チームで掴んだ逆転勝利を喜ぶ広島MF青山「万博を紫の歓喜にできた」 | ニコニコニュース

チーム2点目の同点ゴールをアシストした広島MF青山敏弘 [写真]=白井誠二
サッカーキング

 明治安田生命2015Jリーグチャンピオンシップ(CS)決勝第1戦が2日に行われ、サンフレッチェ広島は敵地でガンバ大阪と対戦し、3-2で逆転勝利を収めた。試合後、広島のキャプテンMF青山敏弘が記者団の取材に応じた。

 試合は、広島が60分にミスから失点。MF森崎和幸とDF千葉和彦がバックパスをお見合いした隙に、FW長沢駿が中途半端なボールをゴールに突き刺しG大阪に先制を許す。だが80分には、FW浅野拓磨のシュートから、最後はMF柏好文のシュートをMFドウグラスが頭でコースを代えてゴールネットを揺らした。だが、同点で安堵したのも束の間、直後の81分にFKの流れからG大阪MF今野泰幸に右足ボレーをゴール右隅に決められ、失点を喫した。

 再びリードを許す展開に青山は、「今日もいい試合、いいサッカーはもちろんしたかったけど、そんなに甘くないことはみんなも分かっていた。ガンバが強いこと、力があることも今日はみんな受け入れてやりました」とG大阪の実力を認めつつも、「こういう試合は求めていなかった。落ち着いて試合を進めなきゃいけなかったけど、苦しい中で自分たちのペースが来るのを待っていました」と、我慢強く流れを待っていたという。

 ペースが広島に傾いたのは後半アディショナルタイムに入った直後だった。「しっかり良いボールを蹴ることを意識しました。フリーでボールを受けて。ベンチからアオ(青山)にボールを出せって指示が出たので、その瞬間にしっかり準備しましたし、ファーストタッチもしっかり収めることができたんで、いいボールが蹴れました」と振り返る様に、青山は右サイドで獲得したFKの流れから、精度の高いクロスを供給。そのボールにエリア内中央のDF佐々木翔が頭で合わせて、同点ゴールを奪った。

 この日は徹底マークに遭い、佐々木の得点を演出するまで普段のパフォーマンスを発揮できていなかった青山。「ほとんど自分自身は消えていました」と認めたが、「やっぱり自分に何ができるかを考えましね。どこかで存在を示さなければいけないとは思っていたので」として、虎視眈々と輝ける瞬間を狙っていたという。
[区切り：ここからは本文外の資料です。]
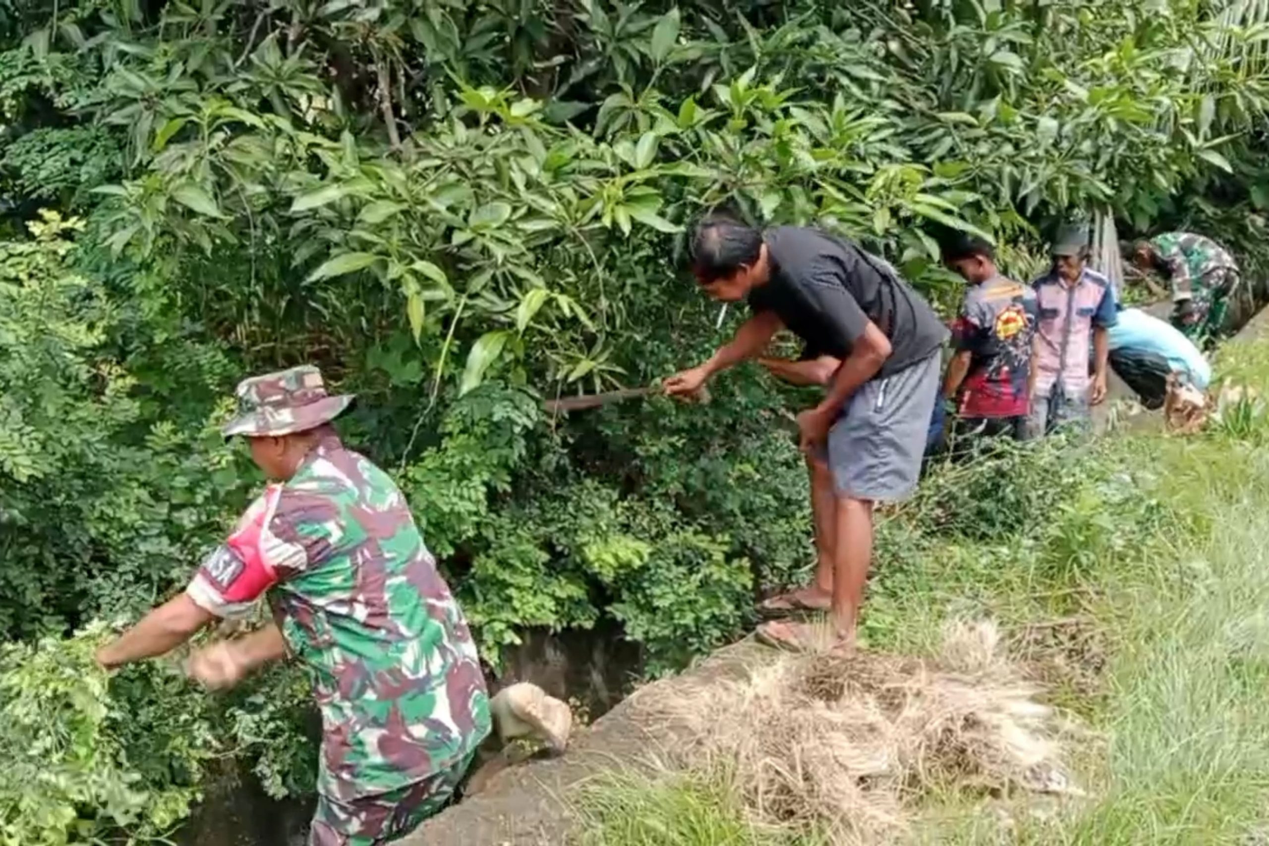 Dengan penuh semangat, Babinsa tak ragu ikut masuk ke dalam saluran untuk membersihkan saluran air aga dapat mengalir dengan lancar.

 土壇場の同点ゴールを決めると、完全に流れは広島のものになった。「相手は引かざるを得なかったんで、必然的に自分たちが押しこむ形になった」と振り返り、「声を掛けなくてもやるべきことはみんなも分かっていた」とチームの思いは“逆転”で1つになっていたと明かす。

 すると終了間際のワンプレーでその思いが逆転を引き寄せた。MF山岸智が左サイドからクロスを供給すると、中央で混戦になるが、最後は柏が右足ボレーでゴールネットを揺らした。「気持ちの部分で最後にカシ(柏)が押し込んでくれた。あれはみんなでつないだボールなんで、その思いっていうところではあの1点は大きかった。みんなで戦っていることは今日も示せた」とチームで奪った逆転ゴールを喜んだ。さらに、「やっぱり広島の力を示せたことは誇らしかった。万博を紫の歓喜にできたことは自分たちの力があることを示せたので、誇らしかった」と敵地まで応援に駆けつけたサポーターの歓喜を目の当たりにし、改めて誇りとともに喜びをかみしめた。

 だが、「まだ何も決まったわけじゃない」と気を引き締める同選手は、「やっぱり出るべきところで出て行くということをみんなで意思統一できた。ゴールは最後に2つ、出来過ぎかもしれないけど、それよりも失点のところをもう1回みんなで修正してやらなきゃいけないなと思います」とすでに第2戦を見据える。

「まずはしっかり自分たちのやるべきことを整理しなければいけない。2点差という部分は把握して理解しながらやらなければいけない。自分たちの良さである守備から攻撃という部分はもっと出していかなければいけないし、今日を見ていたら分かるように、最後に何が起こるかわからないんで。たとえファーストレグに勝ったとしても、そこは肝に銘じてやらなければ」

 第2戦は5日にホーム・エディオンスタジアム広島で開催。セカンドステージ優勝を決めたJ1レギュラーシーズン最終節と同様に満員が期待される。青山は「やるべきことをしっかりやれれば、いい結果が待っていると思う。まずはできることをやっていきたい」と意気込み、スタジアムを最高潮の“紫の歓喜”に包むべく、2年ぶりのJ1制覇を誓った。